Closed akiradeveloper closed 8 years ago
If the catastrophe occurs,
The subsequent tasks should be killed because we shouldn't ack to the differed flush requests. Otherwise the application believes that the lacking data is persistent.
Retrying the flush job is too difficult. Since the possibility of this case is close to zero, I don't want to do much work for this.
If we have only two rambuffers and always wait for the another rambuffer is flushed before queuing itself? This way, we can keep only a single flush job in the wq and practically no performance regression.
And if the currently executing job is terminated, requeue it?
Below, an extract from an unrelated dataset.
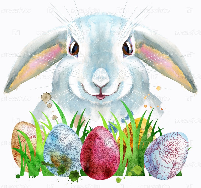 Милый белый кролик на белом фоне с яйцами и травой, изолированные
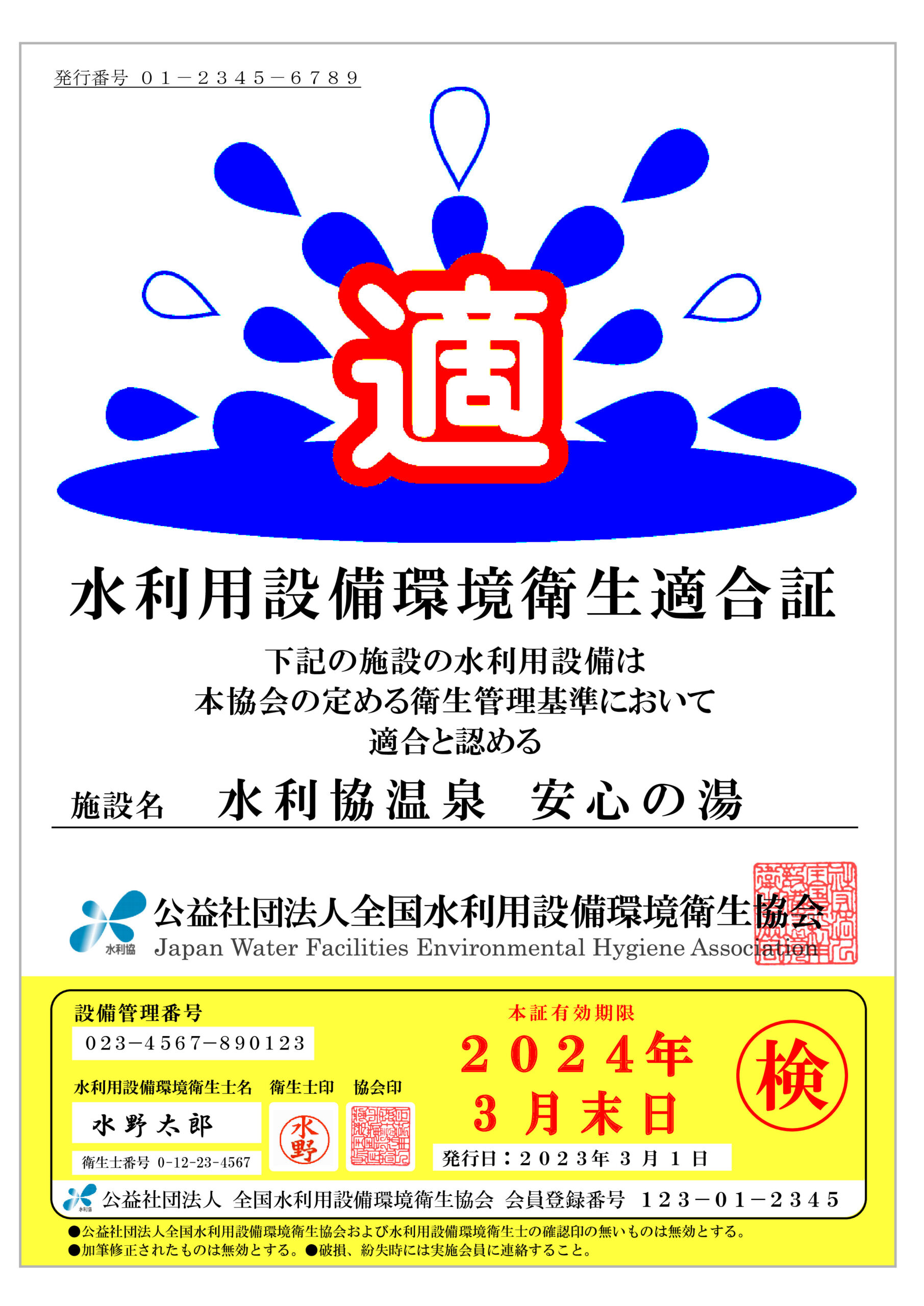 同適合証は、水利協に加盟している正会員による清掃と、水質およびレジオネラ検査などの衛生管理が実施され、各都道府県の条例に適合した施設に対して発行される。

I will add an BUG_ON assertion into flush_proc in 2.2.2
If this happens, it causes #111. I want to test if the case happens in @onlyjob 's environment.
I have a fix for this issue in my mind. But I don't know how this happen (memory is broken and accessing the memory kills the thread?)
I am not sure if this is truly to be considered.
when rambuf becomes full, a flush_job is made and queued into flush_wq. It's a singlethread_workqueue that is actually an ordered_workqueue that is, as described, executes the tasks one by one in queued order.
But, what if a task is terminated for some really unknown reason? The behavior would be
If it's the first one, the caching device may corrupts because of the lacking side-effects.
I think we need at least an assertion at the beginning of the flush_proc so the
flush_job->id = last_flushed_segment_id + 1
is satisfied. Otherwise should kill the worker.